What you are asked to do: Please reproduce the data exactly and omit the pictures.

[Dataset entries]
***

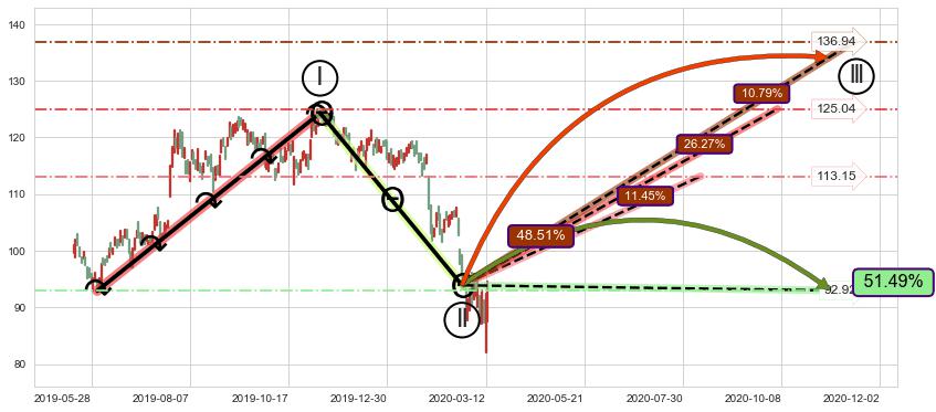 ➣ 循环浪继续向上【平均值】位置(2020-10-06, 125.04),匹配聚类样本比例54.15%, 可能性概率26.27%
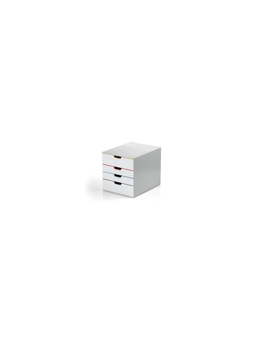 Cassettiera con 4 cassetti colorati per l’archiviazione e organizzazione dei documenti. I 2 cassetti XXL offrono un ampio spazio di archiviazione. Cassetto superiore con serratura a cilindro richiudibile, ideale per l’archiviazione di documenti riservati e oggetti personali. Realizzata in ABS e PS di alta qualità. Cassetti hanno uno scorrimento silenzioso e sono dotati di blocco di fine corsa. Per documenti formato A4, C4 e Lettera e Folio. Dotata di porta etichetta trasparenti con facile sostituzione degli inserti. Impilabile grazie ai piedini antiscivolo in plastica. Possono essere affiancate in qualsiasi armadio o mobile da ufficio. Garanzia di 5 anni. Oltre alla garanzia, per 5 anni dopo l'acquisto è a vostra disposizione gratuitamente anche il nostro servizio di ricambi per i porta etichetta trasparenti e gli inserti in cartoncino; potete richiederli a titolo gratiuto a service@durable.de. Dimensioni esterne: 280x292x356mm. Dimensioni interne cassetti: 242 x 330 mm. Colore: grigio. Profili cassetti multicolore: senape, corallo, acqua, tortora e grafite.
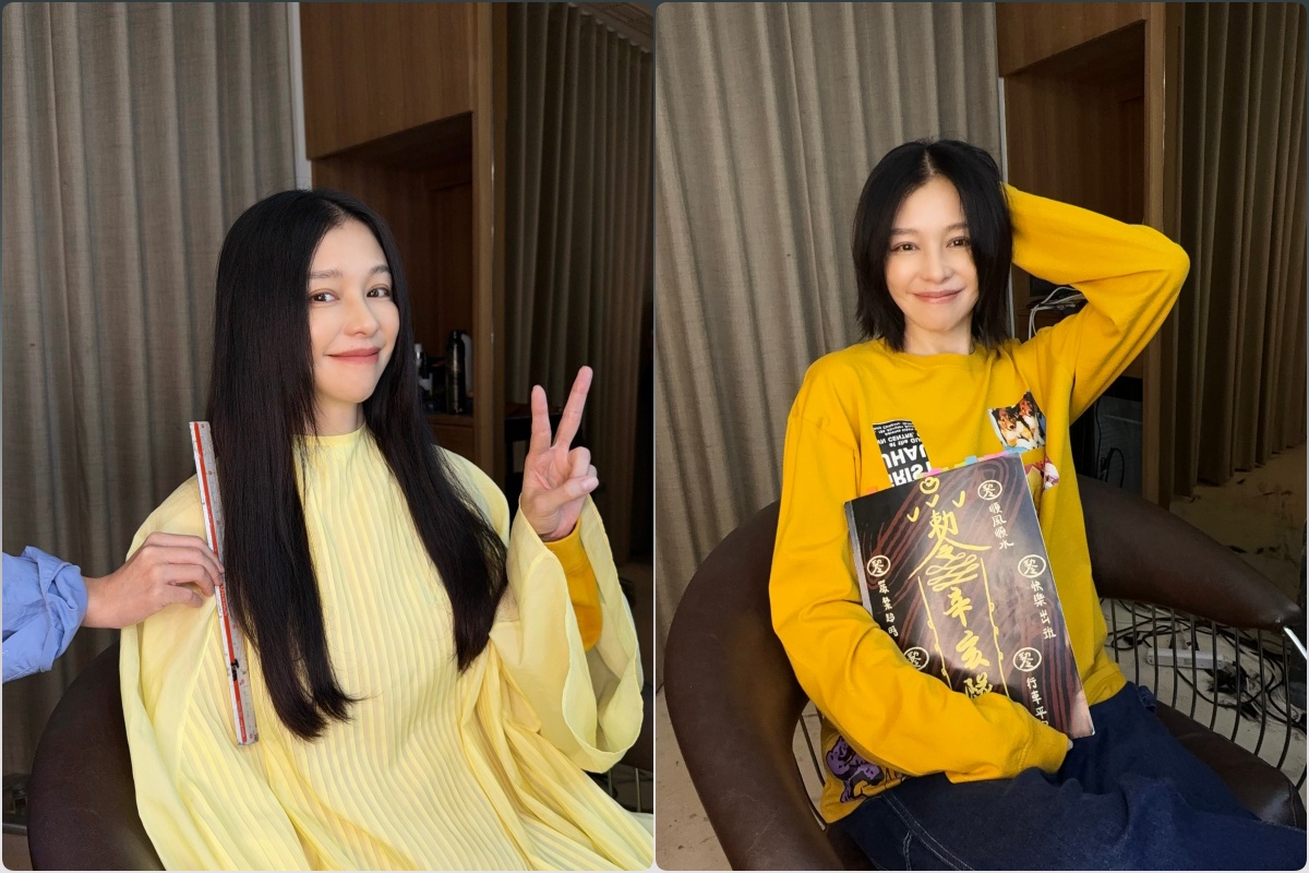 她透露自己的頭髮長得很快,剪短並不會特別心疼,這回一剪更長達30厘米,但當剪下第一刀時,她還是忍不住「嗯」了一聲,再回頭看到滿地長髮時,她手心在冒汗,似乎是要準備迎接一個新角色的挑戰而覺得興奮。
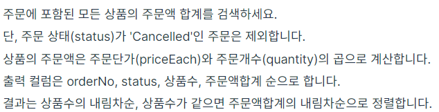 SELECT o.orderNo, o.status, count(d.orderNo) '상품수', sum(d.priceEach*d.quantity)
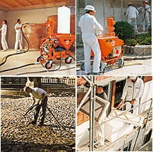 | PFT PFT G 4 jest pracującym w trybie ciągłym agregatem tynkarskim, przeznaczonym do urabiania wytwarzanych fabrycznie suchych zapraw mieszanych maszynowo. Urządzenie może być napełniane zarówno materiałem z worków jak i bezpośrednio z silosu lub kontenera za pomocą pokrywy przelotowej lub pokrywy nadmuchu oraz SILOMAT-u PFT. Zasada funkcjonowania Strefa sucha przeznaczona do wypełnienia gotową zaprawą oddzielona jest od strefy mieszania i strefy pompy. Sucha zaprawa podawana jest do komory mieszania za pośrednictwem zamocowanego ukośnie koła dozującego. Uruchomienie oraz dopełnienie PFT G4 nową porcją materiału może nastąpić w dowolnym momencie. Koło dozujące napędzane jest oddzielnie i może być szybko zdemontowane dzięki centralnie umieszczonemu mocowaniu. Napełnianie materiałem z worków Jedno urządzenie do wszystkich materiałów, wszystko przy pomocy jednego urządzenia. PFT G4 to zwarty, łatwy do transportowania agregat tynkarski, wykonany w dobrze przemyślanej technice, oferujący wysoką wydajność podawania na dużą odległość, z możliwością łącznego stosowania z wszystkimi innymi elementami programu maszynowego PFT. Dzięki niskiemu poziomowi zasypywania urządzenie doskonale nadaje się do napełniania materiałem z worków. Urządzenie nadaje się idealnie do stosowania na mniejszych i średnich budowach. Bezpośrednie napełnianie z silosu Agregat tynkarski PFT G4 zaprojektowany został w systemie modułowym, podobnie jak dziecinne klocki do budowania. Dzięki zastosowaniu pokrywy przelotowej PFT urządzenie to można szybko i łatwo podłączyć pod każdym silosem i/lub kontenerem, wykorzystując przy tym kołnierz. Urządzenie jest dobrze przystosowane do podawania materiałów na odległość do 30m. Napełnianie pneumatyczne z zastosowaniem SILOMAT-u PFT Łatwo, szybko i racjonalnie. Urządzenie tłoczące PFT SILOMAT montowane jest przy pomocy kołnierza do silosu lub kontenera. Cały montaż to zaledwie kilka ruchów rąk. Po naciśnięciu przycisku wytwarzana fabrycznie sucha zaprawa podawana jest całkowicie automatycznie i bezpyłowo do agregatu tynkarskiego. Urządzenie jest przy tym umieszczane bezpośrednio w miejscu urabiania materiału, niezależnie od odległości od silosu lub kontenera od miejsca jego stosowania. Pneumatyczne urządzenie tłoczące PFT SILOMAT oferowane jest w różnych wersjach wykonania. |
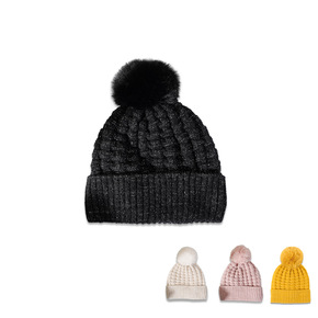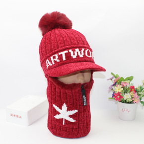 韩版时尚秋冬新款亮丝带毛球加绒保暖针织帽女可爱百搭...
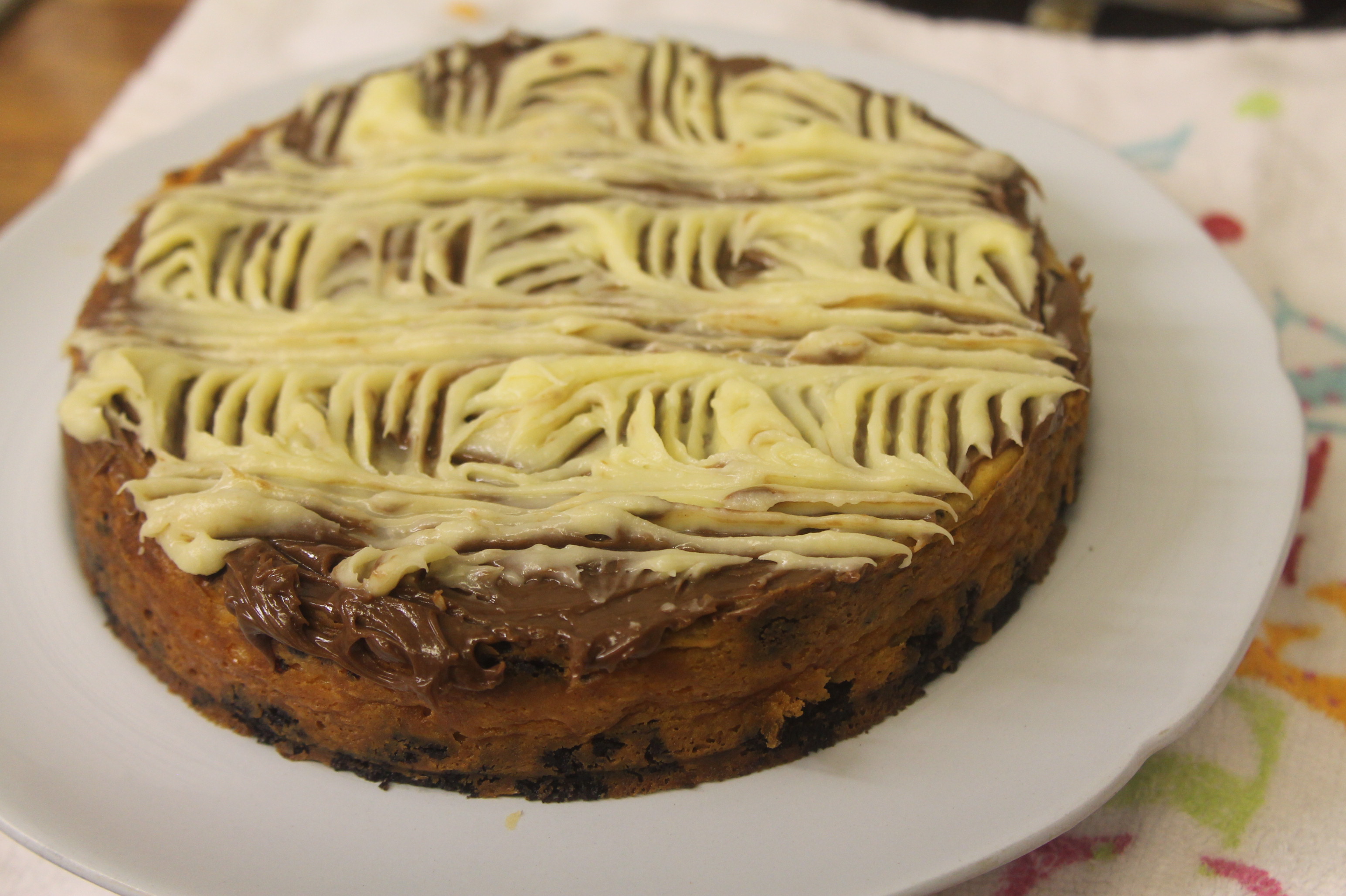 For the topping melt the dark chocolate and mix with 3 oz cream, melt the white chocolate in a separate container and mix with the remaining one oz of cream. Spread the dark chocolate over the entire cake top and drizzle on the white chocolate. Use a fork to create a pattern on top and, presuming you still have the 3 biscuits you did not use in the base then use these to decorate the sides. Mine had mysteriously disappeared when it came to this part!!
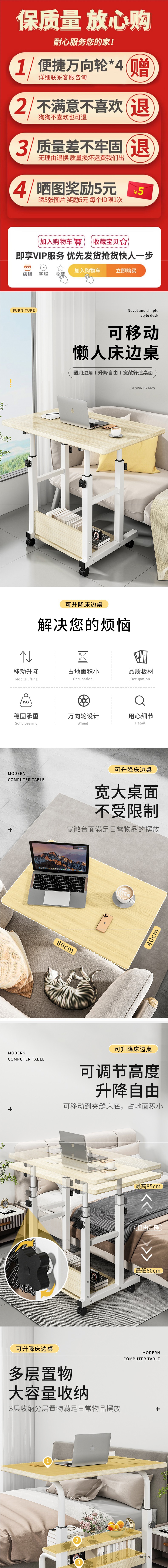 침대 옆 테이블 이동식 간단한 작은 테이블 침실 홈 학생 책상 간단한 리프팅 기숙사 게으른 컴퓨터 책상스토어 가기

***

Finished exercise:
 ➣ 循环浪继续向上【平均值】位置(2020-10-06, 125.04),匹配聚类样本比例54.15%, 可能性概率26.27%
 Cassettiera con 4 cassetti colorati per l’archiviazione e organizzazione dei documenti. I 2 cassetti XXL offrono un ampio spazio di archiviazione. Cassetto superiore con serratura a cilindro richiudibile, ideale per l’archiviazione di documenti riservati e oggetti personali. Realizzata in ABS e PS di alta qualità. Cassetti hanno uno scorrimento silenzioso e sono dotati di blocco di fine corsa. Per documenti formato A4, C4 e Lettera e Folio. Dotata di porta etichetta trasparenti con facile sostituzione degli inserti. Impilabile grazie ai piedini antiscivolo in plastica. Possono essere affiancate in qualsiasi armadio o mobile da ufficio. Garanzia di 5 anni. Oltre alla garanzia, per 5 anni dopo l'acquisto è a vostra disposizione gratuitamente anche il nostro servizio di ricambi per i porta etichetta trasparenti e gli inserti in cartoncino; potete richiederli a titolo gratiuto a service@durable.de. Dimensioni esterne: 280x292x356mm. Dimensioni interne cassetti: 242 x 330 mm. Colore: grigio. Profili cassetti multicolore: senape, corallo, acqua, tortora e grafite.
 她透露自己的頭髮長得很快,剪短並不會特別心疼,這回一剪更長達30厘米,但當剪下第一刀時,她還是忍不住「嗯」了一聲,再回頭看到滿地長髮時,她手心在冒汗,似乎是要準備迎接一個新角色的挑戰而覺得興奮。
 SELECT o.orderNo, o.status, count(d.orderNo) '상품수', sum(d.priceEach*d.quantity)
 | PFT PFT G 4 jest pracującym w trybie ciągłym agregatem tynkarskim, przeznaczonym do urabiania wytwarzanych fabrycznie suchych zapraw mieszanych maszynowo. Urządzenie może być napełniane zarówno materiałem z worków jak i bezpośrednio z silosu lub kontenera za pomocą pokrywy przelotowej lub pokrywy nadmuchu oraz SILOMAT-u PFT. Zasada funkcjonowania Strefa sucha przeznaczona do wypełnienia gotową zaprawą oddzielona jest od strefy mieszania i strefy pompy. Sucha zaprawa podawana jest do komory mieszania za pośrednictwem zamocowanego ukośnie koła dozującego. Uruchomienie oraz dopełnienie PFT G4 nową porcją materiału może nastąpić w dowolnym momencie. Koło dozujące napędzane jest oddzielnie i może być szybko zdemontowane dzięki centralnie umieszczonemu mocowaniu. Napełnianie materiałem z worków Jedno urządzenie do wszystkich materiałów, wszystko przy pomocy jednego urządzenia. PFT G4 to zwarty, łatwy do transportowania agregat tynkarski, wykonany w dobrze przemyślanej technice, oferujący wysoką wydajność podawania na dużą odległość, z możliwością łącznego stosowania z wszystkimi innymi elementami programu maszynowego PFT. Dzięki niskiemu poziomowi zasypywania urządzenie doskonale nadaje się do napełniania materiałem z worków. Urządzenie nadaje się idealnie do stosowania na mniejszych i średnich budowach. Bezpośrednie napełnianie z silosu Agregat tynkarski PFT G4 zaprojektowany został w systemie modułowym, podobnie jak dziecinne klocki do budowania. Dzięki zastosowaniu pokrywy przelotowej PFT urządzenie to można szybko i łatwo podłączyć pod każdym silosem i/lub kontenerem, wykorzystując przy tym kołnierz. Urządzenie jest dobrze przystosowane do podawania materiałów na odległość do 30m. Napełnianie pneumatyczne z zastosowaniem SILOMAT-u PFT Łatwo, szybko i racjonalnie. Urządzenie tłoczące PFT SILOMAT montowane jest przy pomocy kołnierza do silosu lub kontenera. Cały montaż to zaledwie kilka ruchów rąk. Po naciśnięciu przycisku wytwarzana fabrycznie sucha zaprawa podawana jest całkowicie automatycznie i bezpyłowo do agregatu tynkarskiego. Urządzenie jest przy tym umieszczane bezpośrednio w miejscu urabiania materiału, niezależnie od odległości od silosu lub kontenera od miejsca jego stosowania. Pneumatyczne urządzenie tłoczące PFT SILOMAT oferowane jest w różnych wersjach wykonania. |
 韩版时尚秋冬新款亮丝带毛球加绒保暖针织帽女可爱百搭...
 For the topping melt the dark chocolate and mix with 3 oz cream, melt the white chocolate in a separate container and mix with the remaining one oz of cream. Spread the dark chocolate over the entire cake top and drizzle on the white chocolate. Use a fork to create a pattern on top and, presuming you still have the 3 biscuits you did not use in the base then use these to decorate the sides. Mine had mysteriously disappeared when it came to this part!!
 침대 옆 테이블 이동식 간단한 작은 테이블 침실 홈 학생 책상 간단한 리프팅 기숙사 게으른 컴퓨터 책상스토어 가기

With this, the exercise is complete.